Through experimentation, we found that presenting users with a search box as part of the result increases their likelihood of finding the exact page they are looking for. So over the past few days we have been testing, and today we have fully rolled out, a search box that appears within some of the search results themselves. This feature will now occur when we detect a high probability that a user wants more refined search results within a specific site. Like the rest of our snippets, the sites that display the site search box are chosen algorithmically based on metrics that measure how useful the search box is to users.”
The last sentence is interesting. We’ve certainly noticed a wide implementation across UK government websites.
Add comment 7 March 2008
RSS feeds for search results
I did a web search for ‘RSS feeds for search results’ and found a Live Search blog entry dating from 1995 that talks about the alpha feature of providing RSS feeds from search results: just add ‘&format=rss’ to the URL of the results and copy the full URL into your RSS Reader.

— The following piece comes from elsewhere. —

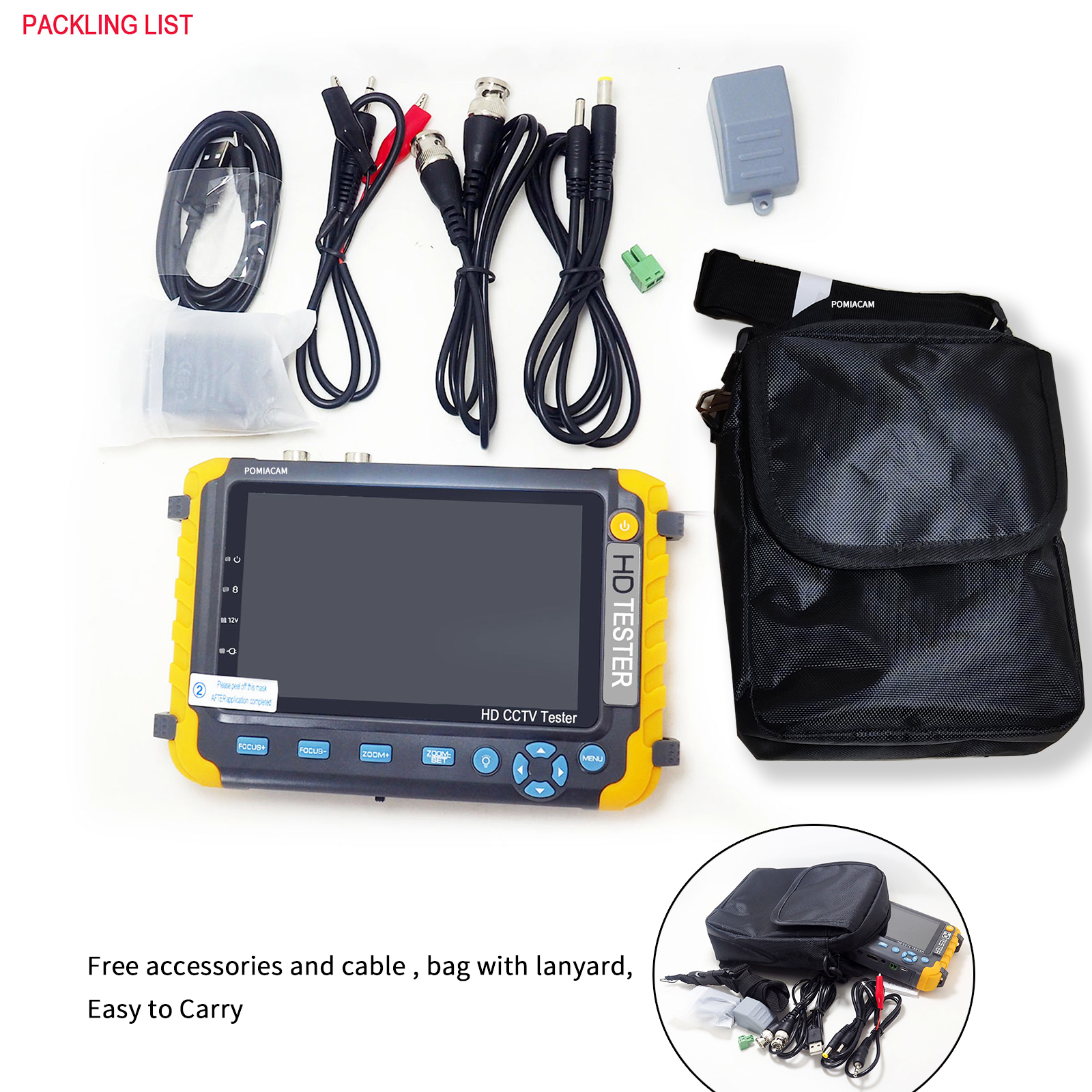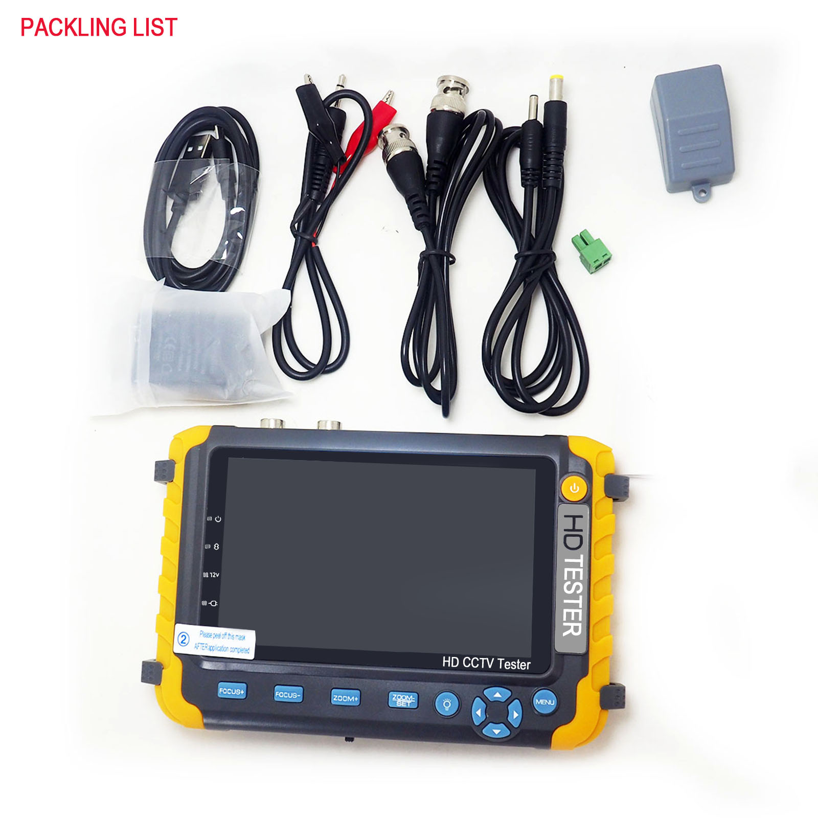 (Yellow CCTV tester monitor)8W,---------------------------1. Support CVBS + AHD (8MP) + TVI (8MP) + CVI (8MP) Camera Test,with VGA/HDMI input. 4-In-1 CCTV Tester Monitor.5.0 inches 800 x480 High-resolution view angle display, more intuitive and easy to display the camera image quality, support PAL/NTSC standard video signal.

This still works on the main Live search site and is made easier by just clicking on the orange RSS icon in the URL. Here’s the ‘RSSed’ URL for Flooding information from the UK government: http://search.msn.com/results.aspx?q=flooding+site%3agov.uk&format=rss
Very nifty, but interestingly, Live don’t seem to draw users’ attention to it or even provide information in Help.
Yahoo! offers the similar features to Live, with different syntax, but the RSS icon.
In contrast, Google only offers RSS feeds (RSS and Atom) for its news results but does publicise it clearly. Similarly, the BBC offers RSS of its news and sports results.
Other web search engines such as Ask, Exalead and Clusty do not appear to offer RSS at all.